Electrochemical characterizations

For evaluation of the electrochemical performances of the MLCO, the cathode was fabricated by coating a NMP- based slurry composed of 85 wt% of MLCO, 5 wt% of PVDF binder, and 10 wt% of active carbon (super P.) on an aluminum current collector. The active material mass loading on the current collector is about 7.5 \({{\rm{m}}{\rm{g}}{\rm{c}}{\rm{m}}}^{-2}\). The half-cell (2032-type coin) was assembled by sandwiching a polypropylene separator between the MLCO cathode and a lithium metal foil.

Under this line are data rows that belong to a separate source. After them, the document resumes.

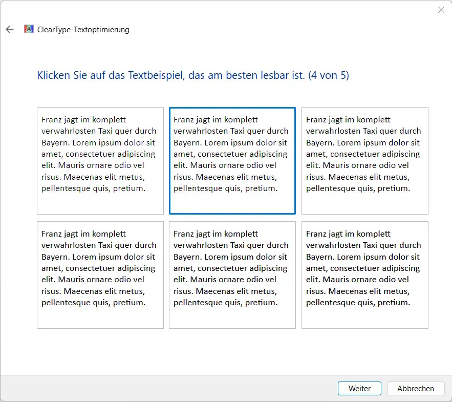 4. Danach erscheinen mehrere Textbeispiele. Wähle jeweils die Variante aus, die für Dich am besten lesbar ist.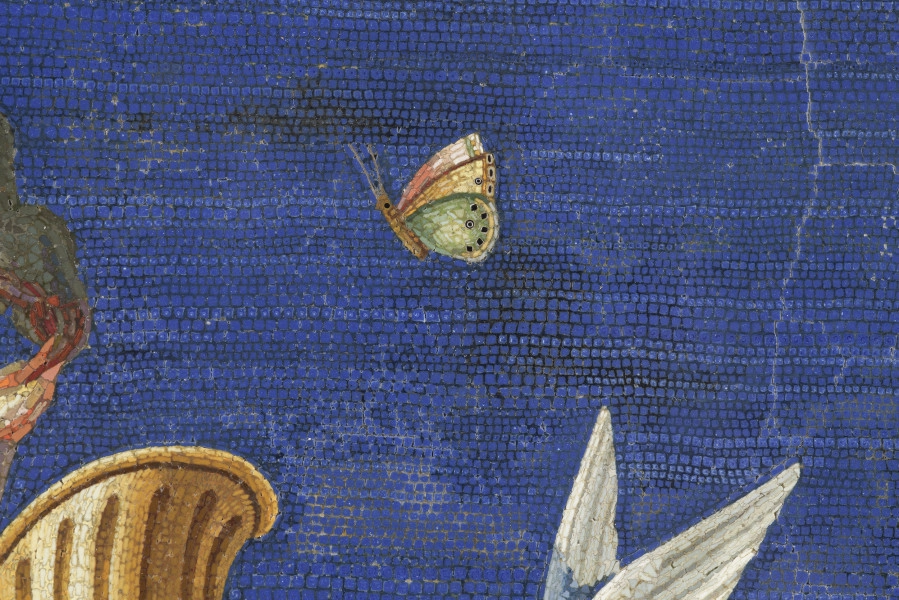 Amor’s Chariot was made using the micromosaic (mosaici in piccolo, mosaico minuto) technique. It was a method of “painting” based on the arrangement of small hard elements in various colours according to the planned composition. Their proper selection and assembly made it possible to reproduce the intended topic in a suggestive spatial manner. As the name suggests, micromosaics differed from the original technique – mosaic – in respect of a reduced scale of elements from which the picture, usually also of a small format, was built. The building material consisted of small, usually four-sided pieces of non-transparent glass (smalti filati) with a plastic structure arranged on a consolidating mass – putty. This technique was elaborated in the last quarter of the 18th century in Rome. At the end of the 18th century and in the first half of the 19th century, paintings made in this manner became one of the most popular objects purchased by Europeans from outside the Alps making their Italian Grand Tour.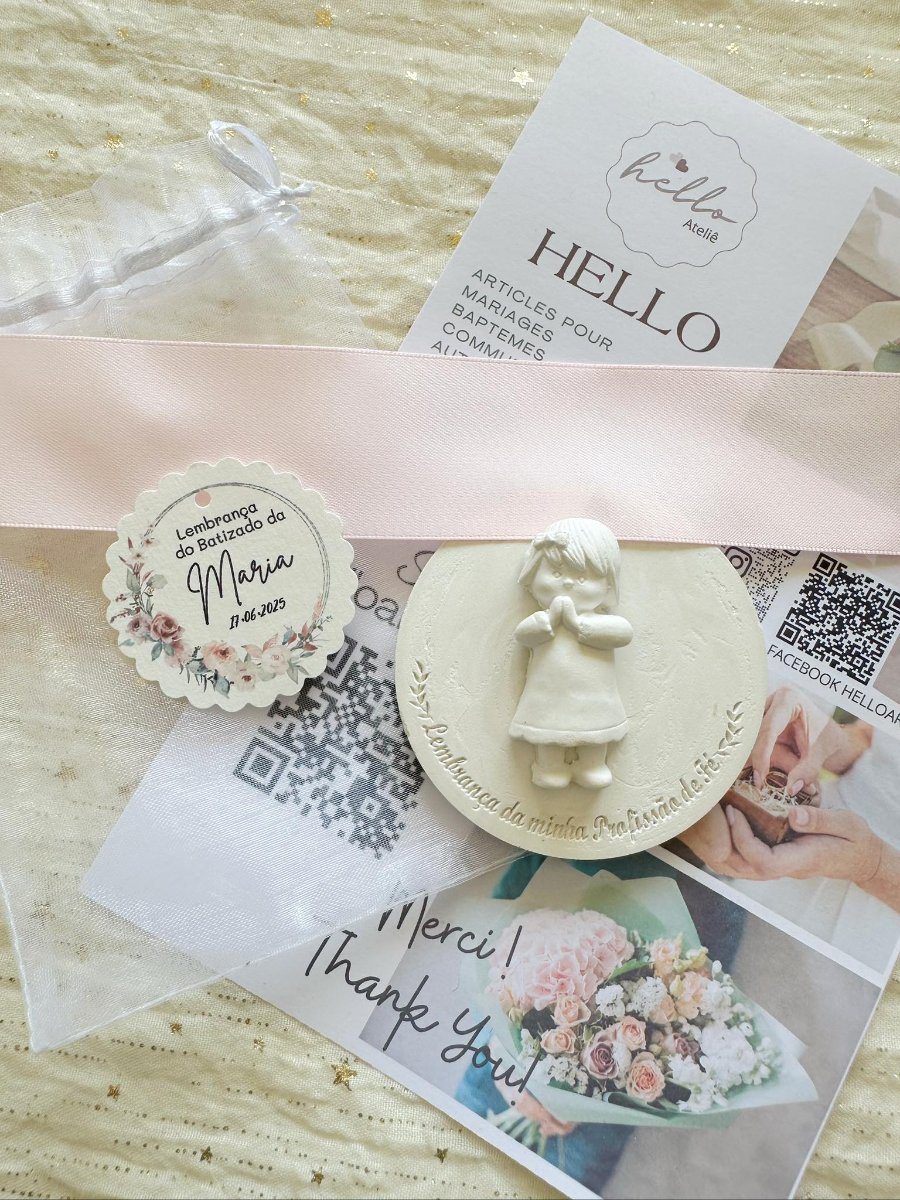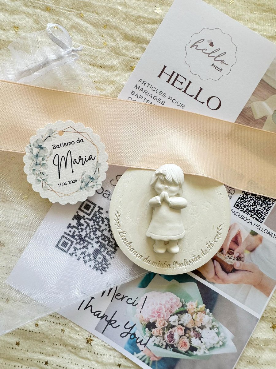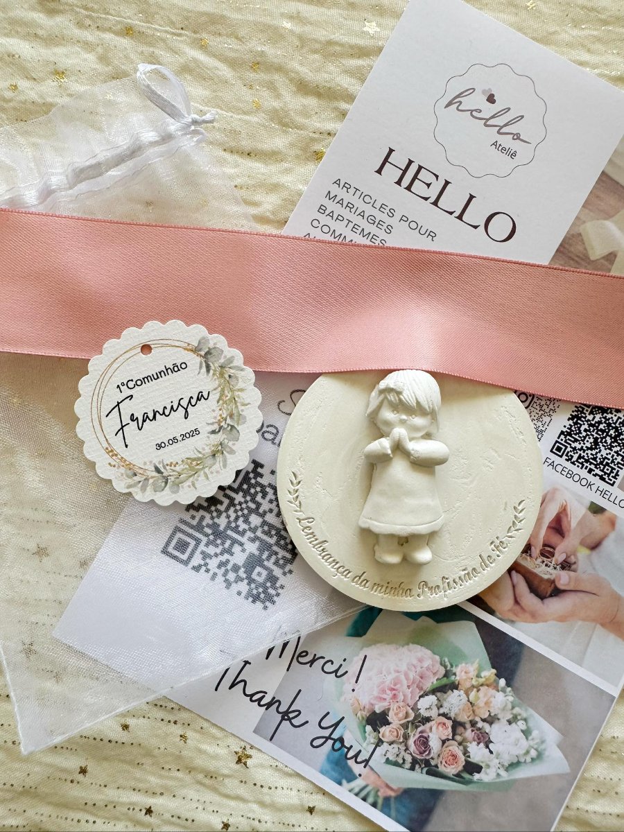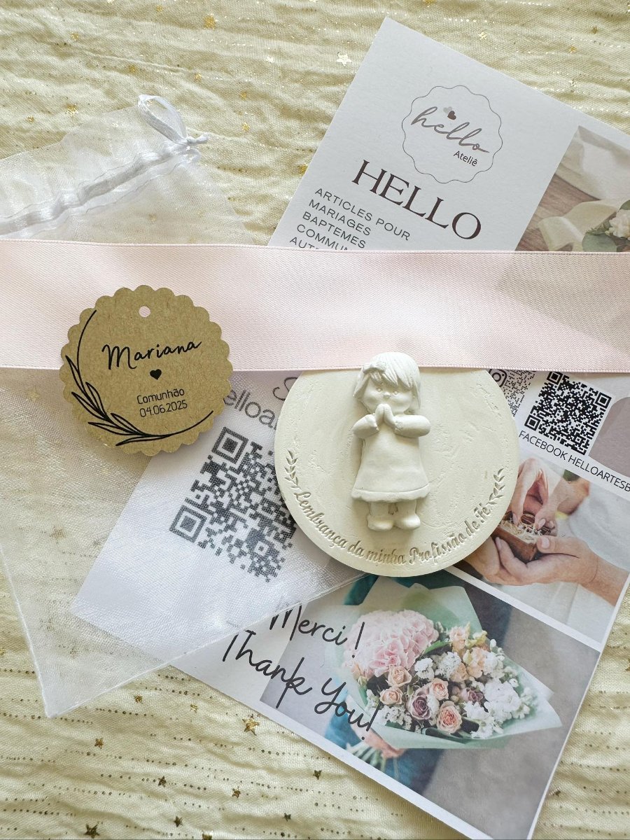 Esta Lembrança foi selecionada e criada especialmente pela HELLO só para sí! Criada à mão por nós, esta lembrança de Profissão de Fé transborda um cheirinho a Talco, que todos os seus convidados vão adorar!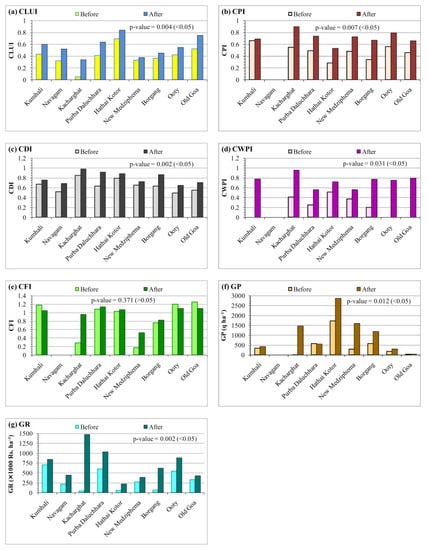 Bar charts showing values of crop production and diversification indices before and after implementing water harvesting interventions at 8 sites. (a) CLUI—cultivated land utilization index; (b) CPI—crop productivity index; (c) CDI—crop diversification index; (d) CWPI—crop water productivity index; (e) CFI—crop fertilization index; (f) GP—gross productivity; (g) GR—gross returns.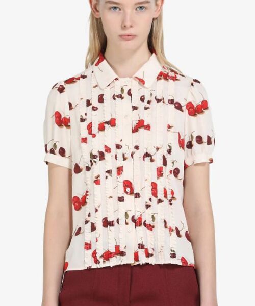 クラシカルなムードに遊び心を添える、チェリープリントが印象的な半袖シャツ。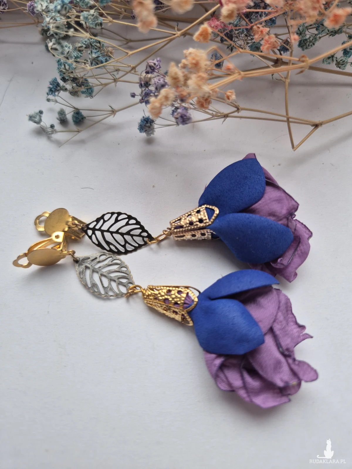 Klipsy kwiaty fioletowo-niebieskie leciutkie w pojedynczym egzemplarzu w stylu Boho polecam Box X1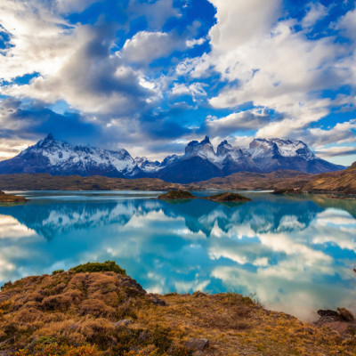 Drei nadelartige Granitsäulen "Torres del Paine", die sich fast senkrecht über die patagonische Steppe erheben, sind das Wahrzeichen des vielleicht schönsten Nationalparks Südamerikas. Glitzernde, türkisfarbene Seen, wilde Flüsse, in Kaskaden herabstürzende Wasserfälle, zerklüftete Gletscher, dichte Wälder und eine reichhaltige Fauna und Flora sorgen wir unvergessliche Naturerlebnisse.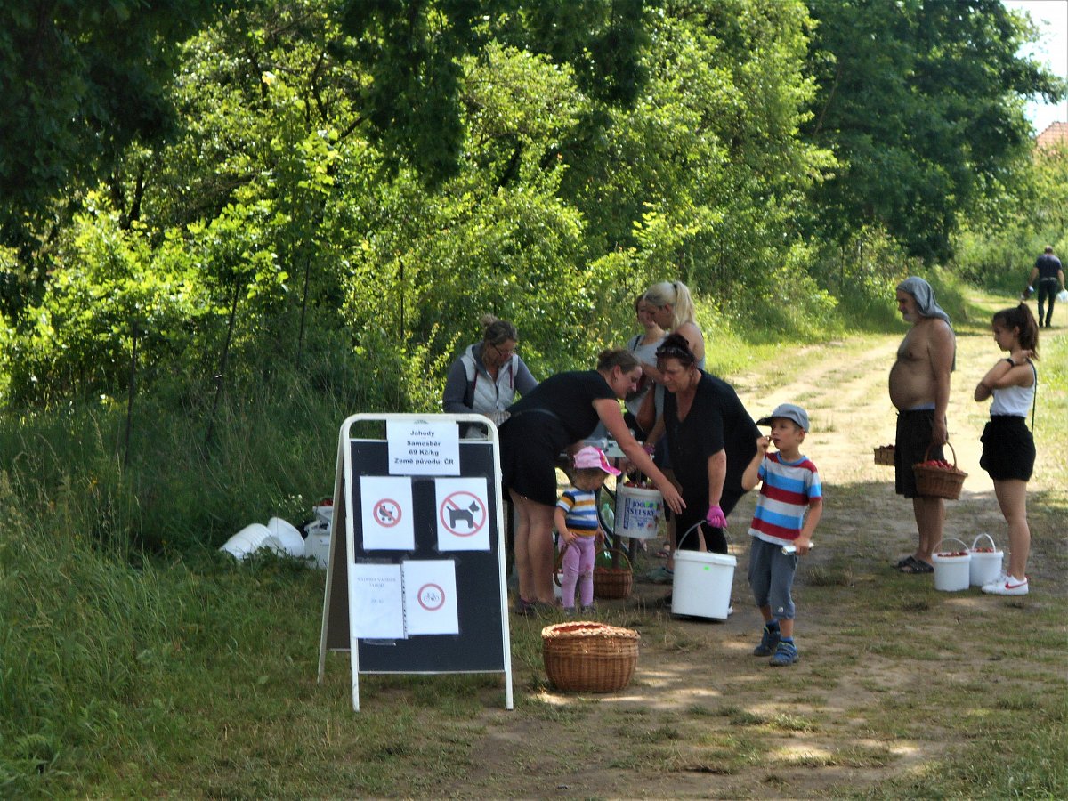 Jako každý rok si nenechám ujít tuto oblibu - samosběr jahod. Jahody mám moc ráda, tak tedy vyrážíme, do lesů, vod a strání, téměř na Šumavu. Máme s tím spojen i takový výlet, řidič odpočívá při nealko pivku či kávě a my "sokolíci" jdeme trhat. Jsou velké, pěkné, málo sladké, jde to celkem rychle. Vždy jednu řadu dva proti sobě, uličky jsou široké a srandy je také dost. Jsou zde sběrači z různých vesniček a měst. Chlapi lezou po kolenou a říkají, co bychom pro babičku neudělali. Těší se na dort s jahodami. Děti volají, takovou velkou jahodu jsme ještě neviděly. Nebo třeba se musíte bavit, když vedle vás jde dvojice se svým řádkem a před vámi trhá váš. Tedy každou rukou z obou stran trhá do kýble, tak ho má za chvíli plný. Ale nám to nevadí, protože nedojdeme ani do konce řádku a máme natrháno. Pani pokladní nám je zváží a zaplatíme. Jdeme si odpočinout do bistra a dáváme si široko-daleko známou jejich zmrzlinu.

The half-cell then was activated by being filled with a liquid electrolyte of 4.35 V high voltage electrolyte (Shanshan Battery Material co. Dongguan, China). All cells were assembled in a glove box full filled with Ar.

The cycle performance was measured using a BTS-5V-20mA-type high precision battery test equipment (Neware Shenzhen, China) at the 0.2 C (0.32 \({{\rm{m}}{\rm{A}}{\rm{c}}{\rm{m}}}^{-2}\)) rate under room temperature, with the cut-off potentials were set at 3.0–4.5 V.

Electrochemical impedance spectroscopy was collected by an electrochemical impedance spectrometer using a Solartron 1260 frequency response analyzer over a frequency range from 50 mHz to 100 kHz with an amplitude of 5 mV.

The cycle voltammetry (CV) was carried out using an electrochemical workstation (Arbin instrument), with metal lithium for the reference electrode and the counter electrode (scan rate 0.2 \({{\rm{mV\; s}}}^{-1}\), voltage range 3–4.5 V).

Material characterizations

The surface morphology of LiCoO2 was examined using scanning electron microscopy (HITACHI SU8010). The crystal structure of LiCoO2 was observed by high resolution transmission electron microscope (HRTEM) using a FEI Titan G2 60–300 (AC-TEM). X-ray diffraction (XRD) date of the cathode was collected with an Empyrean (PANalytical, Holland) in the 2θ range from 10° to 90°. The X-ray photoelectron spectroscopy (XPS) measurements of elements on the LiCoO2 surface were collected with a XSAM800.